Since the listing below shows pictures, leave them out and write out exactly the lines from the line with "Lot # 205 - Sculpture" to the line with "Tuta Mayoral a", both included, and no others.

* * *

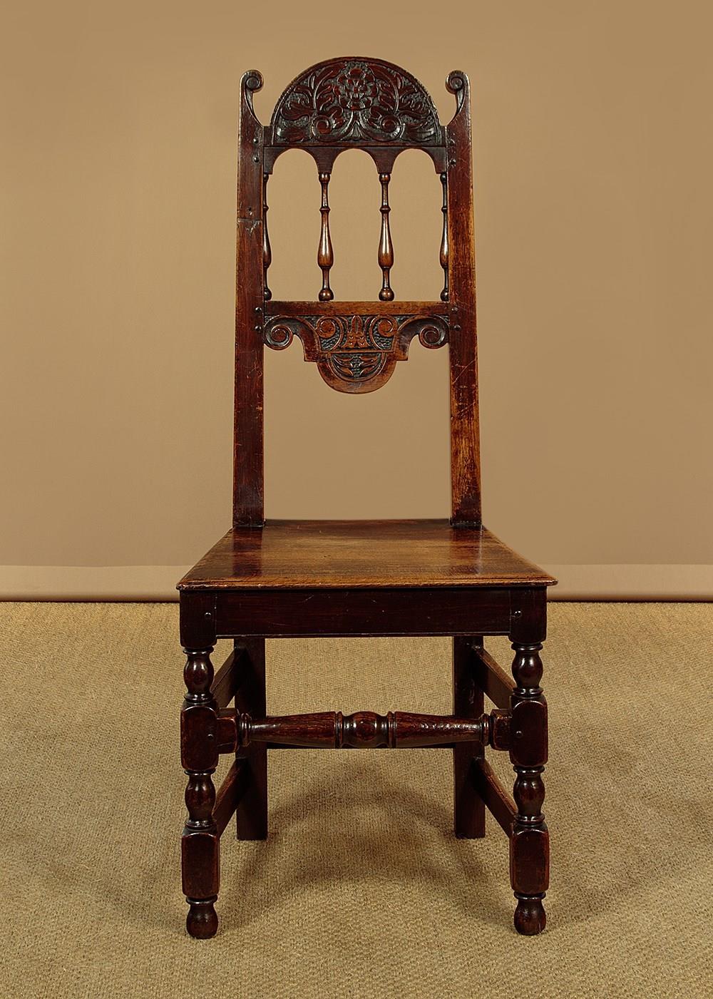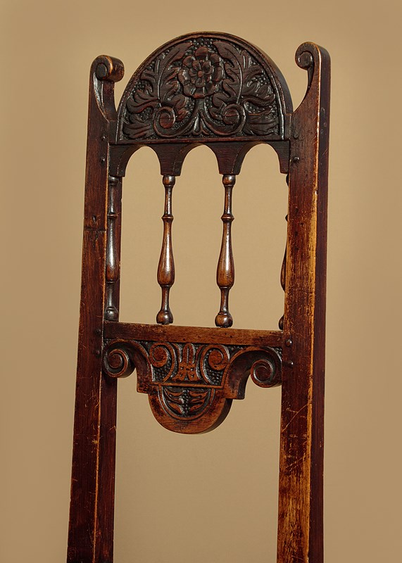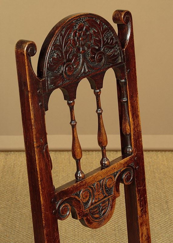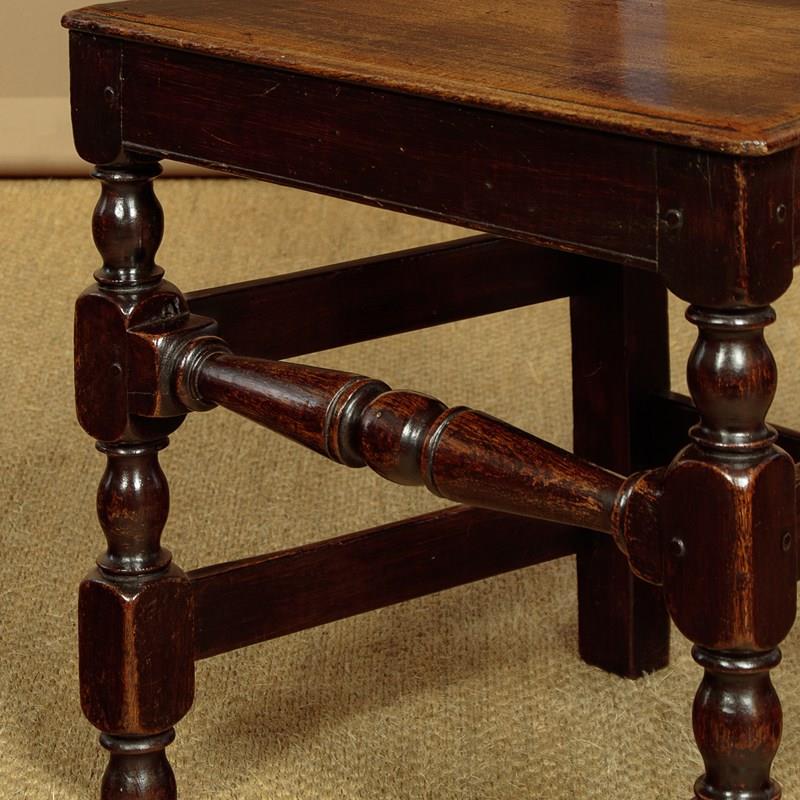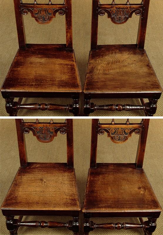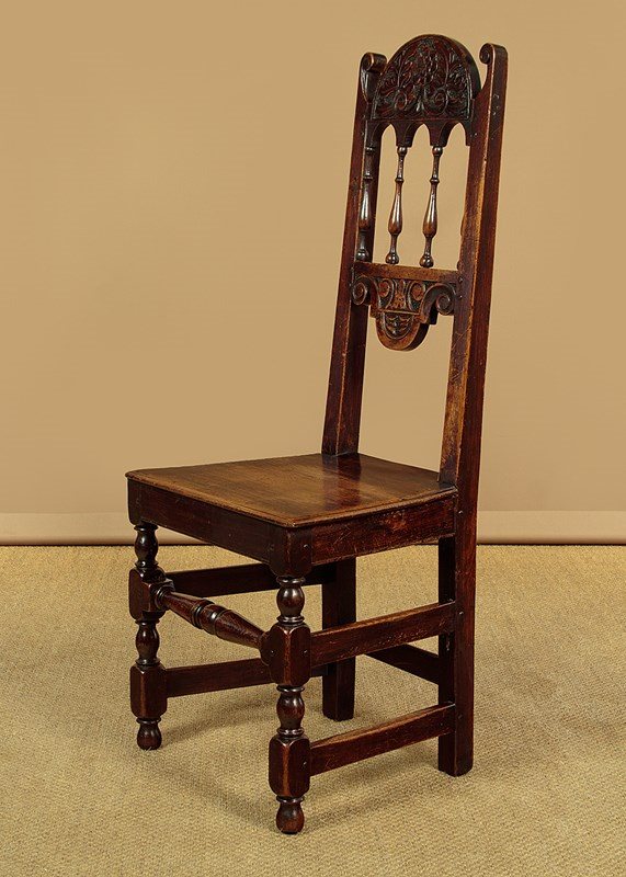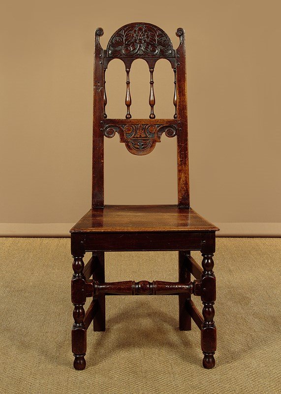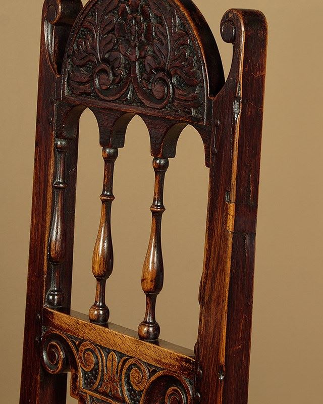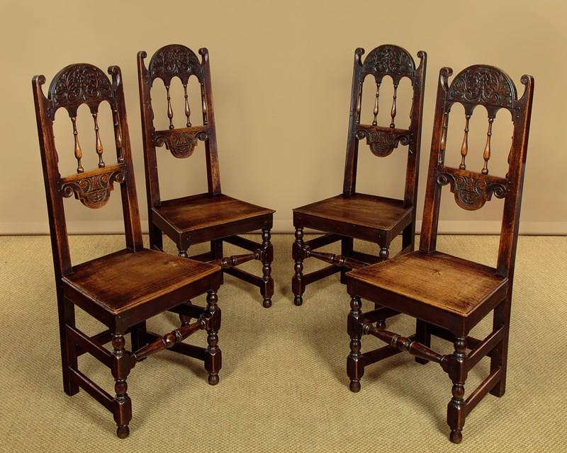 Good set of four 17th.c. style oak dining chairs c.1920. Good quality facsimiles of chairs or 'joined backstools' of the type produced in South Yorkshire in the latter half of the 17th century. Tall decorative backrests with an arched top carved with flowers and foliage over three arches supported on slim turned spindles with a good carved stretcher below. Between slightly tapering rear stiles topped with distinctive scrolling finials. Single piece board seats with a moulded edge (seat height 18½"). Turned and block front legs and a turned and tapering front stretcher. Straight stretchers to the sides and rear. Excellent colour and condition, cleaned and waxed in our workshops.
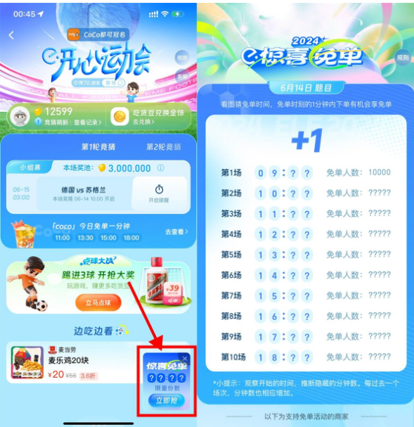 饿了么搜索“免单”->右下角“惊喜免单”->每1小时1场,每场最多免39亓,每人最多可免1次
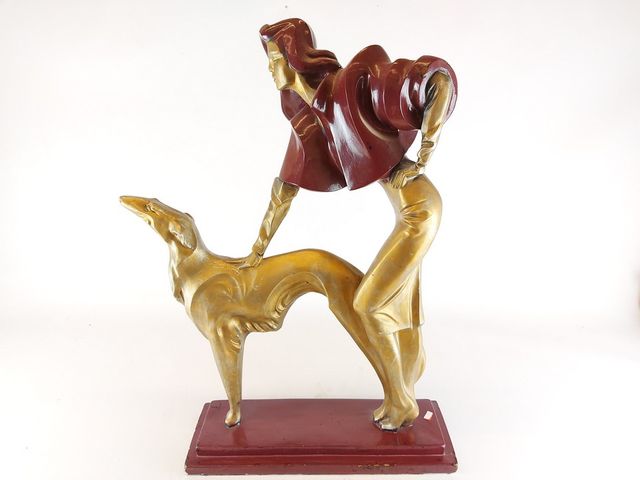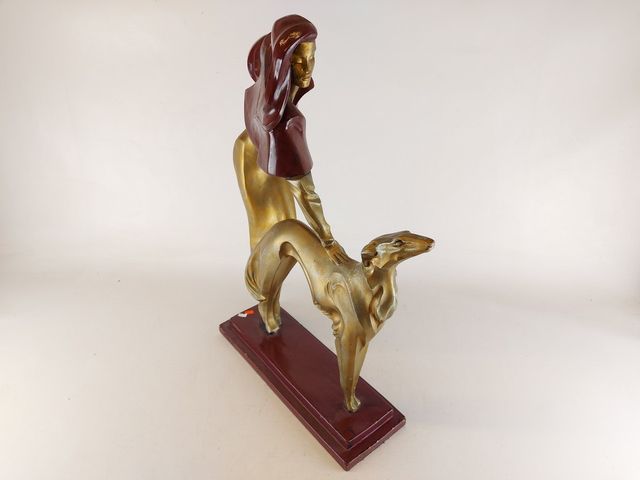 Lot # 205 - Sculpture Austin de style art nouveau représentant une dame avec un lévrier - mesurant 27 pouces de hauteur  SOLD
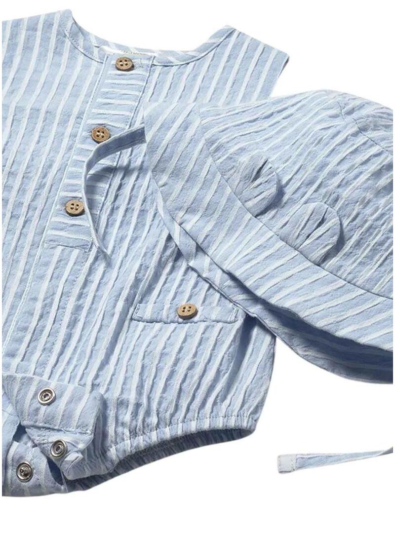 Tuta Mayoral a righe in celeste e bianco, ideale per le giornate estive del bambino con uno stile fresco e curato. Include un cappello abbinato e presenta un design senza maniche, chiusura frontale con bottoni e piccoli dettagli decorativi nella parte anteriore. Il suo tessuto leggero e il suo comfort lo rendono una scelta perfetta per il giorno o per occasioni speciali.
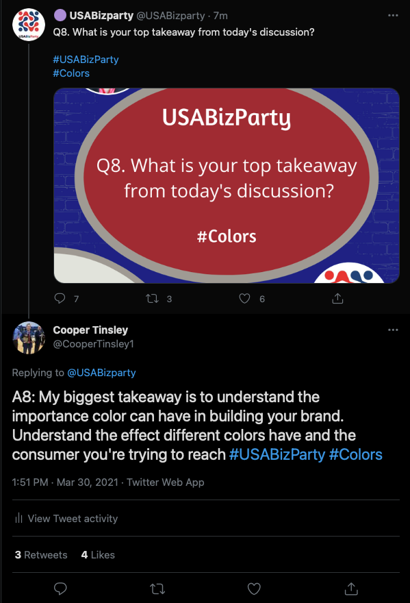 #USABizParty chat today to talk about#colors! Colors weren't something I gave much thought to before, but I've learned how important they are in creating the brand that you want to create. Choosing your brand colors isn't something to take lightly#GSBSocialmediapic.twitter.com/FbK2qFpLAw
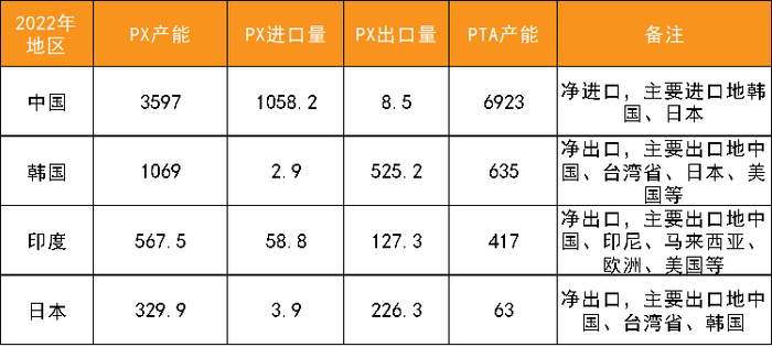 亚洲来看,中国是最大的净进口地区,其次是中国台湾、印尼;PX出口主要集中在韩国、日本、印度、文莱、新加坡。
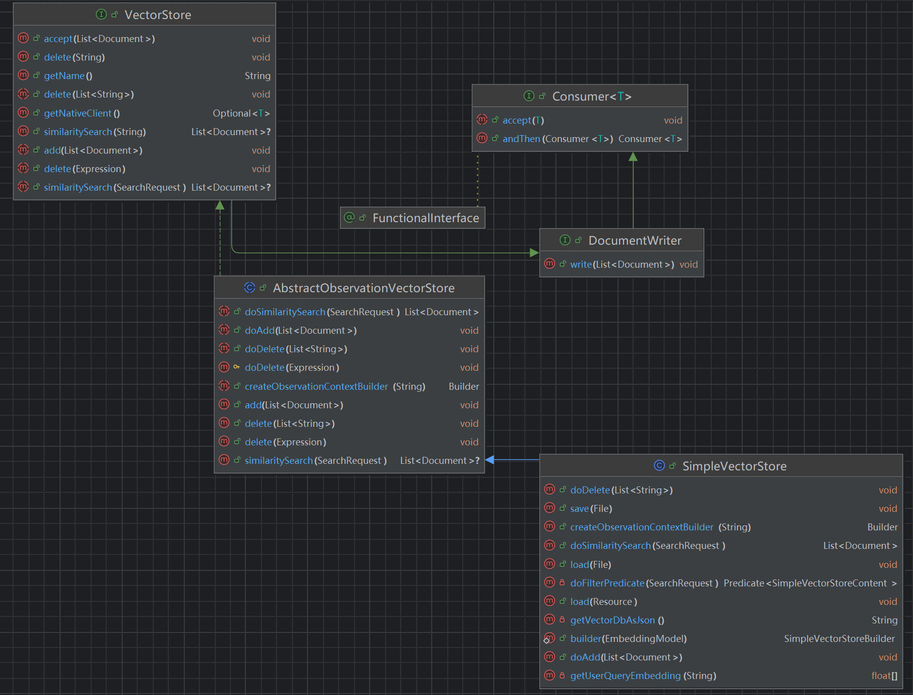 SimpleVectorStore 实现了 VectorStore 接口,而 VectorStore 接口集成了 DocumentWriter,所以具备文档写入能力。
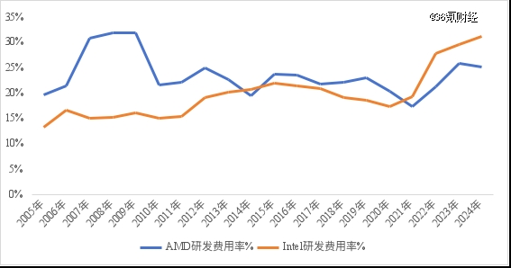 图:AMD和intel研发费用率对比 数据来源:wind,36氪整理
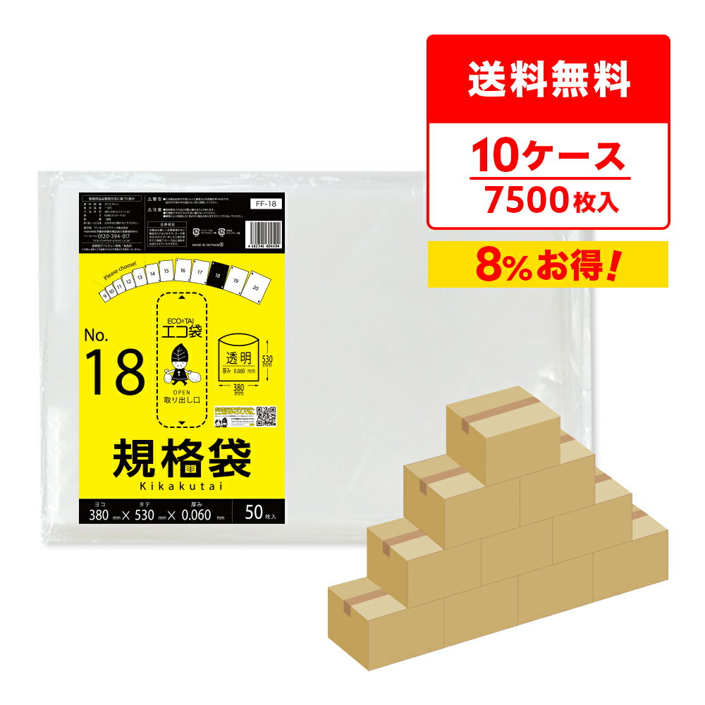 【まとめて10ケース】FF-18-10 規格袋 18号 0.060mm厚 透明 50枚x15冊x10箱 極厚タイプ/ポリ袋 袋 保存袋 食品袋 平袋 食品用 検食 厨房 保育園 食品検査適合 RoHS指定 サンキョウプラテック まとめ買い 送料無料 即納
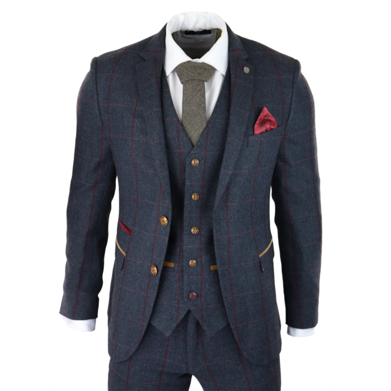 * Navy Blue Herringbone Tweed With Red Window Check Detailing, True 1920s Vintage Fashion With A Modern Twist
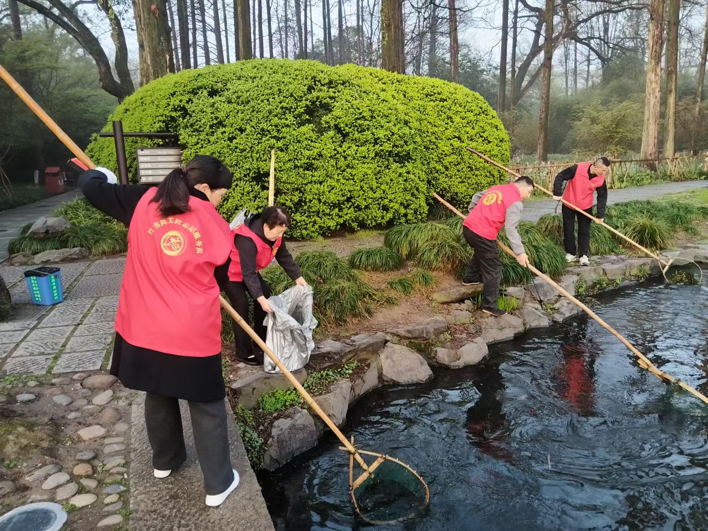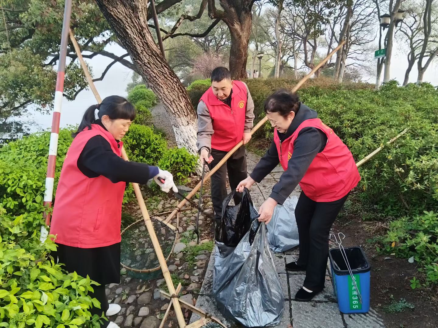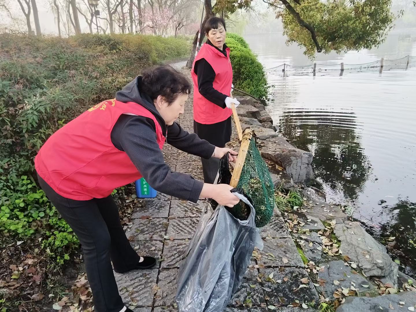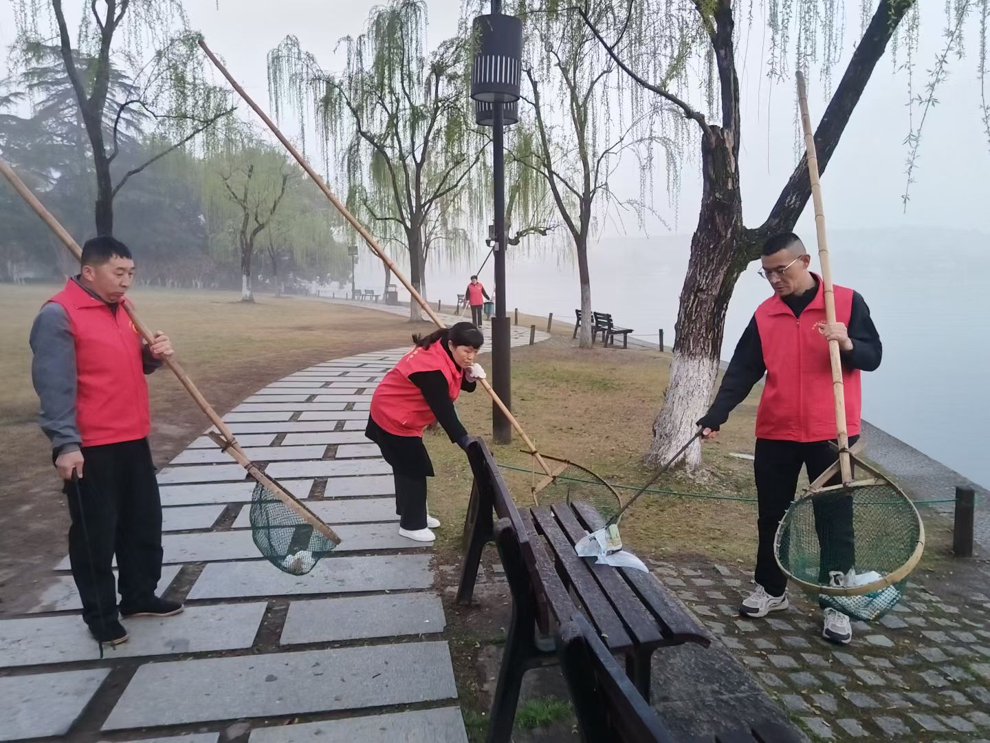 365日守杭城明珠,“水韵西湖365”第2103天,杭州惠州两湖联动第990天,每天清晨,竹书鸿工匠志愿服务队在西湖等你来做志愿
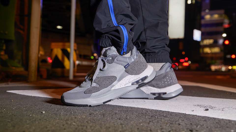 このシューズは、シンプルでタウンユースでの履きやすさを意識しつつ、モダンなアレンジを加えたジムウェアのようなアパレルの雰囲気にも馴染む仕上がりとなっている。
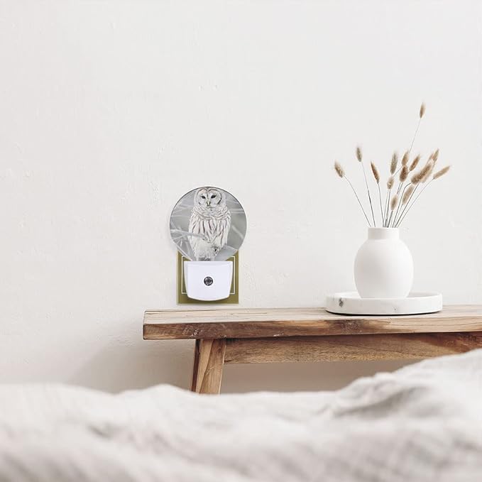 EKOBLA White Bird Plug-in Nightlights Cute Owl on Tree Branch Plug-in Nightlights Winter Early Spring Snow Scene Night Lights Plug into Wall Auto on/Off LED Light Home Decor
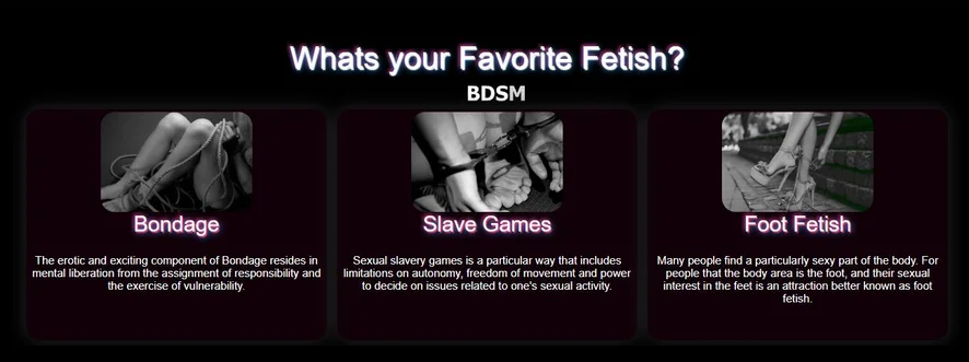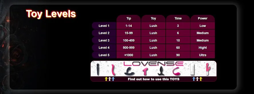 Líbání, Plácání po zadku, Erotický tanec, Prstění, Zezadu, Dvojitý průnik, Striptýz, Anální hračky, Anál, Špinavá mluva, Dildo nebo vibrátor, Zadkem k puse, Flexing, Exhibicionismus, Fisting, Sezení na obličeji, Kouření, Hardcore, Poloha 69, Olejová show, Nahoře bez, Polykání, Twerk
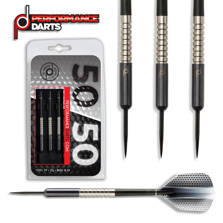 50/50 Black - Silver 90% Tungsten Steel Tip Darts by Performance Darts

* * *

Exercise result
 Lot # 205 - Sculpture Austin de style art nouveau représentant une dame avec un lévrier - mesurant 27 pouces de hauteur  SOLD
 Tuta Mayoral a righe in celeste e bianco, ideale per le giornate estive del bambino con uno stile fresco e curato. Include un cappello abbinato e presenta un design senza maniche, chiusura frontale con bottoni e piccoli dettagli decorativi nella parte anteriore. Il suo tessuto leggero e il suo comfort lo rendono una scelta perfetta per il giorno o per occasioni speciali.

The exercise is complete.